» **WHAT TO DO**: For the records that follow, restate each one word for word and leave the images behind.

[Records excerpted from a collection]
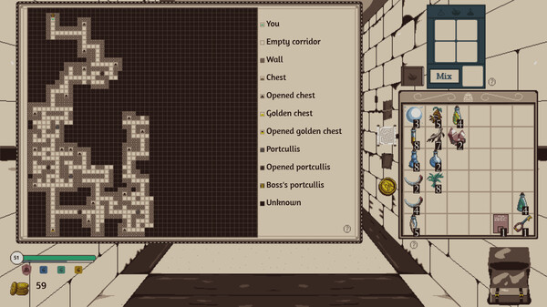 Gather together troops and weapons to fight through increasingly difficult armies in this medieval fantasy grid-based deck-building game. Establish synergies between your cards and treasures to create the strongest army!
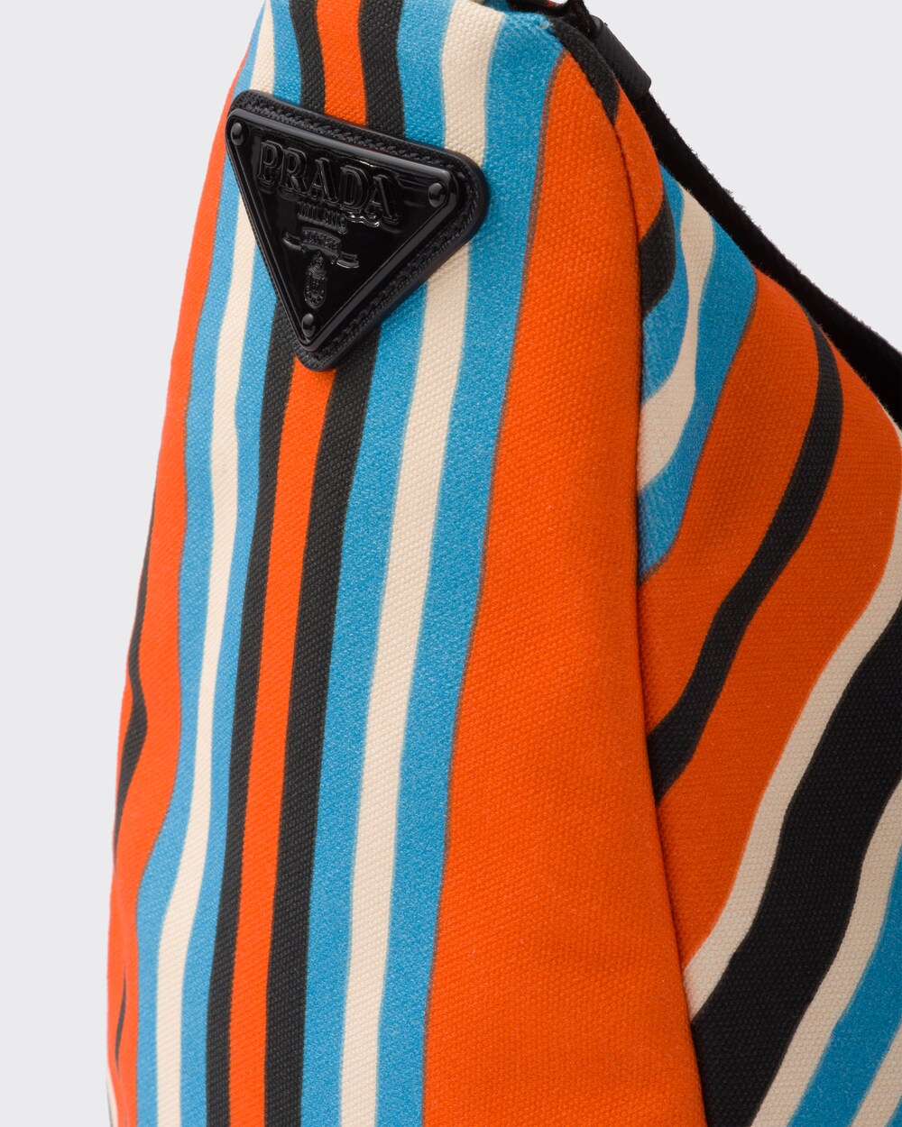 Túi tam giác printed canvas Prada được hoạt họa bằng họa tiết sọc Bayadere. Gợi nhớ đến các phụ kiện đi biển. Chiếc túi vải hình tam giác đa năng này mô phỏng lại biểu tượng hình học. Mang tính biểu tượng của Prada theo một cách mới. Và cũng có một phiên bản in nổi ở mặt trước. Được xác định bằng dây đeo vai có thể điều chỉnh được để đeo theo nhiều cách khác nhau. Thiết kế này là một phần của bộ sưu tập hiện đại. Và tổng hợp gợi nhớ các nguyên mẫu của hình ảnh bãi biển.
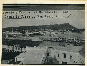 Mercado Público y el Parque Centenario. Visto desde la Torre de San Pedro, se aprecia la Bahía de las Ánimas y los veleros anclados, 1920.
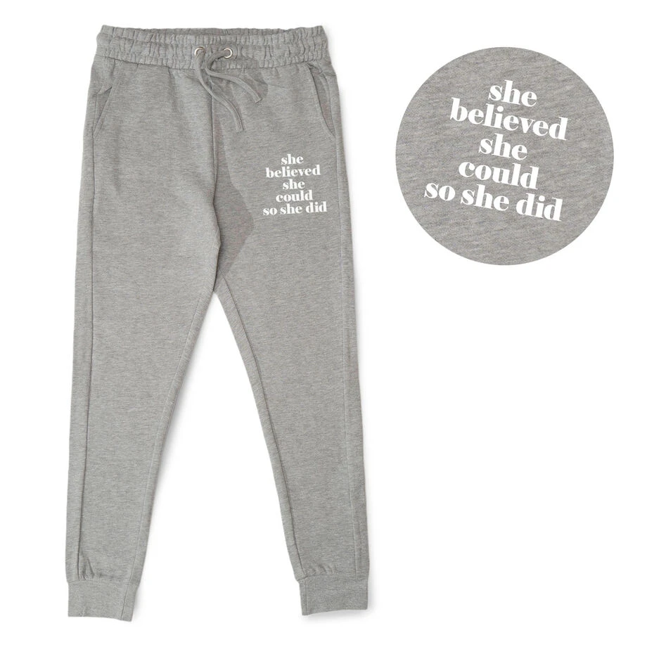 Comfort and basics are a necessity in every athlete’s wardrobe. The soft cotton joggers are perfect for workouts, daily errands, or lounging. Designed with functionality in mind, these super comfortable joggers offer an adjustable drawstring waist for custom fit, side pockets to hold your essentials, and an exclusive She Believed She Could So She Did design featured below the left side pocket for a true fashion statement.
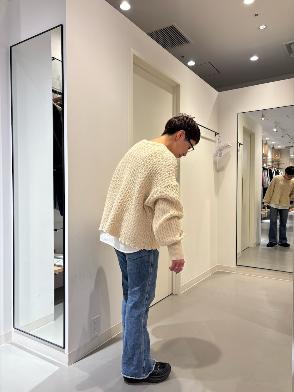 ふんわり柔らかいニット、デニムと合わせた春コーデ。
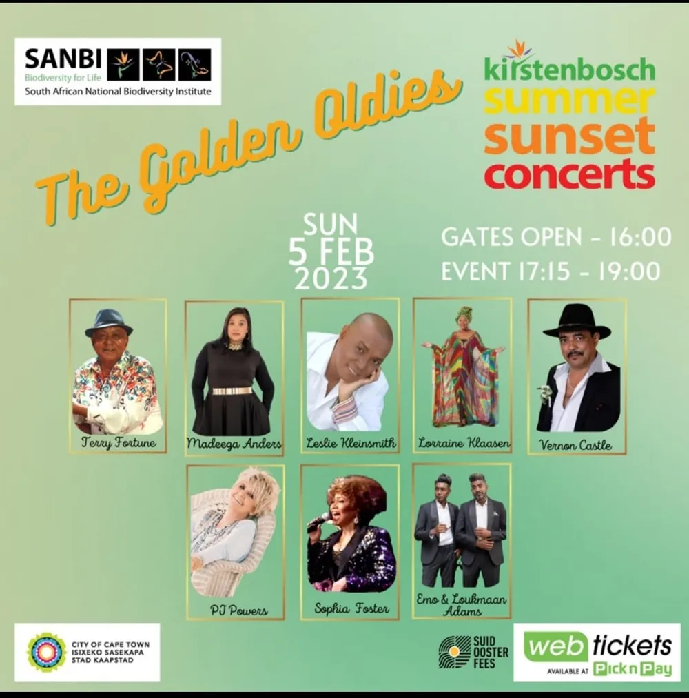 The Golden Oldies music collective includes local legends like Fortune, Madeegha Anders, Leslie Kleinsmith, Vernon Castle, PJ Powers, Lorraine Klaasen, Sophia Foster and the Darryl Andrews Show Band, with brothers Loukmaan and Emo Adams as emcees on Sunday afternoon.

» **EXERCISE ANSWER**:
 Gather together troops and weapons to fight through increasingly difficult armies in this medieval fantasy grid-based deck-building game. Establish synergies between your cards and treasures to create the strongest army!
 Túi tam giác printed canvas Prada được hoạt họa bằng họa tiết sọc Bayadere. Gợi nhớ đến các phụ kiện đi biển. Chiếc túi vải hình tam giác đa năng này mô phỏng lại biểu tượng hình học. Mang tính biểu tượng của Prada theo một cách mới. Và cũng có một phiên bản in nổi ở mặt trước. Được xác định bằng dây đeo vai có thể điều chỉnh được để đeo theo nhiều cách khác nhau. Thiết kế này là một phần của bộ sưu tập hiện đại. Và tổng hợp gợi nhớ các nguyên mẫu của hình ảnh bãi biển.
 Mercado Público y el Parque Centenario. Visto desde la Torre de San Pedro, se aprecia la Bahía de las Ánimas y los veleros anclados, 1920.
 Comfort and basics are a necessity in every athlete’s wardrobe. The soft cotton joggers are perfect for workouts, daily errands, or lounging. Designed with functionality in mind, these super comfortable joggers offer an adjustable drawstring waist for custom fit, side pockets to hold your essentials, and an exclusive She Believed She Could So She Did design featured below the left side pocket for a true fashion statement.
 ふんわり柔らかいニット、デニムと合わせた春コーデ。
 The Golden Oldies music collective includes local legends like Fortune, Madeegha Anders, Leslie Kleinsmith, Vernon Castle, PJ Powers, Lorraine Klaasen, Sophia Foster and the Darryl Andrews Show Band, with brothers Loukmaan and Emo Adams as emcees on Sunday afternoon.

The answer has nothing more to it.